→ Brief
Retype exactly every line from the one that includes "Blend odrůd Ogliarola" through the final line of the listing, both ends kept, and omit the pictures.
[[ Information shown, beginning ]]
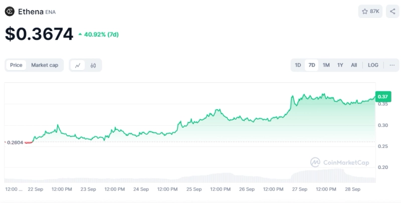 28일 오전 10시 현재 에테나는 코인마켓캡 기준 전일대비 0.90% 하락한 0.3672달러를 기록 중이다. 이날 약보합세를 보이고 있긴 하지만 지난 1주일간 에테나는 40.86% 급등한 상태다.
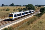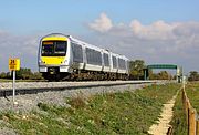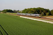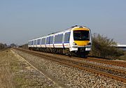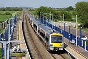 168325 runs parallel with the new concrete road that leads to Holts Farm, near Charlton-on-Otmoor. It is working the 1T50 17:18 Marylebone to Oxford Parkway Chiltern Railways service. The date is 5 May 2016, just a few months into the upgraded line's operation, and before the newly planted trees alongside the fence have started to grow! |
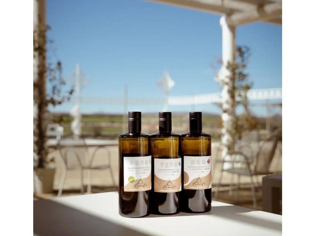 Blend odrůd Ogliarola a Coratina vzniká z kombinace dvou charakterů: Ogliarola často poskytuje olej s jemnější ovocností a měkčí strukturou, zatímco Coratina dodává strukturu a lehkou pikantnost. Výsledkem je střední intenzita, která je ideální pro ty, kteří hledají olej s vyváženým profilem bez extrémů.
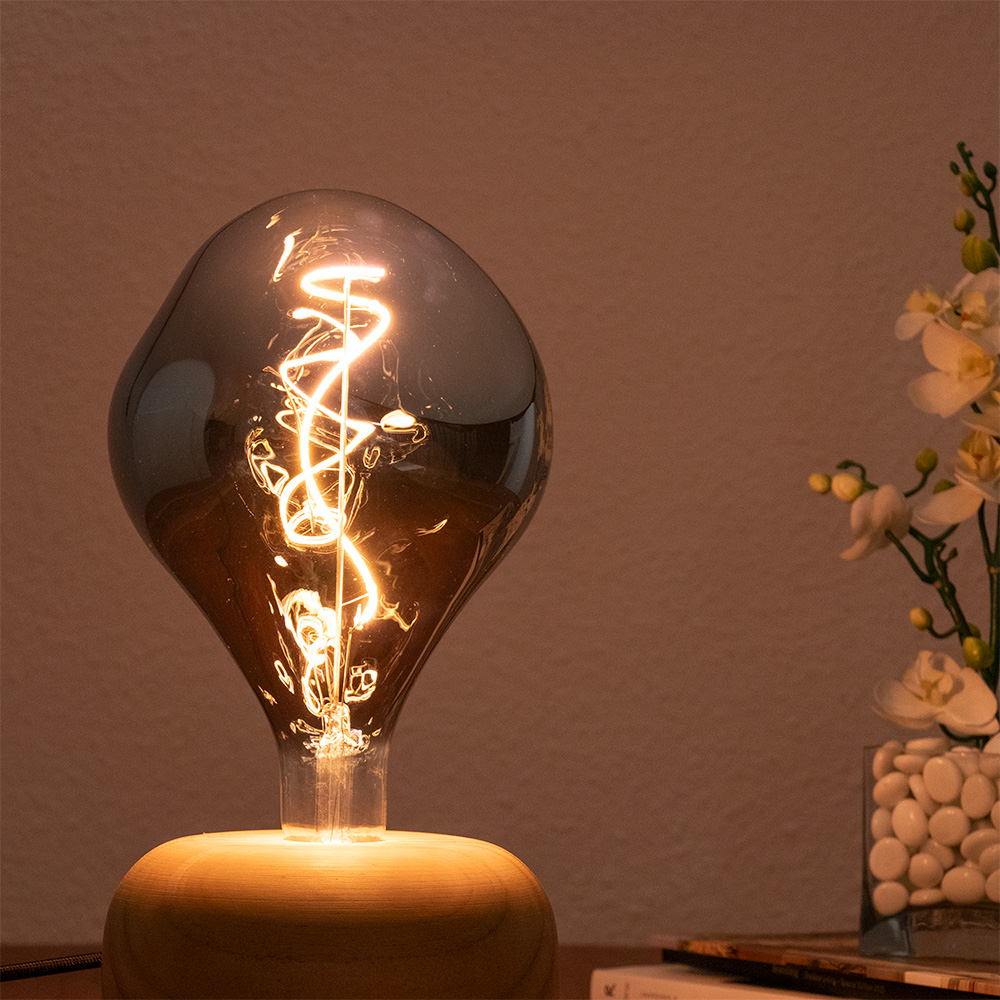 Een sfeervolle decoratieve lichtbron. De lichtbron heeft Titanium glas wat veranderd in smoke glas zodra de lamp wordt ingeschakeld.
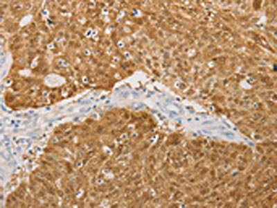 The image on the left is immunohistochemistry of paraffin-embedded Human brain tissue using CSB-PA042178(S100A1 Antibody) at dilution 1/20, on the right is treated with fusion protein. (Original magnification: ×200)
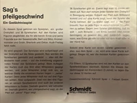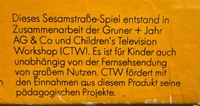 Sag's Pfeilgeschwind (Say It Like an Arrow) is a Sesamstrasse game produced in the 1970s by Schmidt and Gruner+Jahr. The game tiles feature illustrations of Ernie, Bert, Big Bird, Cookie Monster, Grover, Sherlock Hemlock, and Roosevelt Franklin.
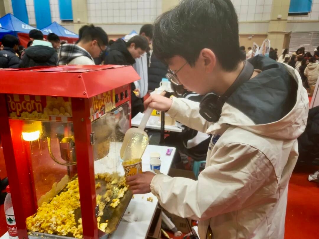 瞄准、投掷,在投壶区,同学们屏气凝神,体验着传统文化的独特韵味,即便未能投中,周围传来的鼓励与欢笑也让人暖意洋洋;弹珠机上,一颗颗弹珠在划出优美的弧线,满载着期待飞向目标,游戏唤醒了大家心底的童真,同学们在尽情玩乐中释放压力、收获快乐,欢声笑语回荡在体育馆上空。学院学生会的同学还为大家准备了爆米花、夹心饼干和可乐,作为奖品和休闲零食共同分享。
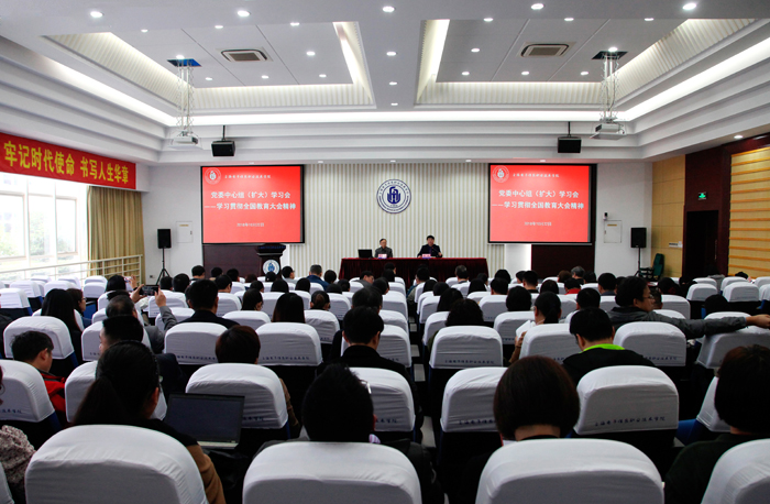 10月22日,以“学习贯彻全国教育大会精神”为主题,学校在C108报告厅举行党委中心组(扩大)学习会。学习会由学校党委书记田钦主持,原上海市委党校第四分校副校长项建春教授担任主讲,学校党委中心组成员、各党总支中心组成员参加学习。
[[ Information shown, end ]]
→ Answer to this exercise
 Blend odrůd Ogliarola a Coratina vzniká z kombinace dvou charakterů: Ogliarola často poskytuje olej s jemnější ovocností a měkčí strukturou, zatímco Coratina dodává strukturu a lehkou pikantnost. Výsledkem je střední intenzita, která je ideální pro ty, kteří hledají olej s vyváženým profilem bez extrémů.
 Een sfeervolle decoratieve lichtbron. De lichtbron heeft Titanium glas wat veranderd in smoke glas zodra de lamp wordt ingeschakeld.
 The image on the left is immunohistochemistry of paraffin-embedded Human brain tissue using CSB-PA042178(S100A1 Antibody) at dilution 1/20, on the right is treated with fusion protein. (Original magnification: ×200)
 Sag's Pfeilgeschwind (Say It Like an Arrow) is a Sesamstrasse game produced in the 1970s by Schmidt and Gruner+Jahr. The game tiles feature illustrations of Ernie, Bert, Big Bird, Cookie Monster, Grover, Sherlock Hemlock, and Roosevelt Franklin.
 瞄准、投掷,在投壶区,同学们屏气凝神,体验着传统文化的独特韵味,即便未能投中,周围传来的鼓励与欢笑也让人暖意洋洋;弹珠机上,一颗颗弹珠在划出优美的弧线,满载着期待飞向目标,游戏唤醒了大家心底的童真,同学们在尽情玩乐中释放压力、收获快乐,欢声笑语回荡在体育馆上空。学院学生会的同学还为大家准备了爆米花、夹心饼干和可乐,作为奖品和休闲零食共同分享。
 10月22日,以“学习贯彻全国教育大会精神”为主题,学校在C108报告厅举行党委中心组(扩大)学习会。学习会由学校党委书记田钦主持,原上海市委党校第四分校副校长项建春教授担任主讲,学校党委中心组成员、各党总支中心组成员参加学习。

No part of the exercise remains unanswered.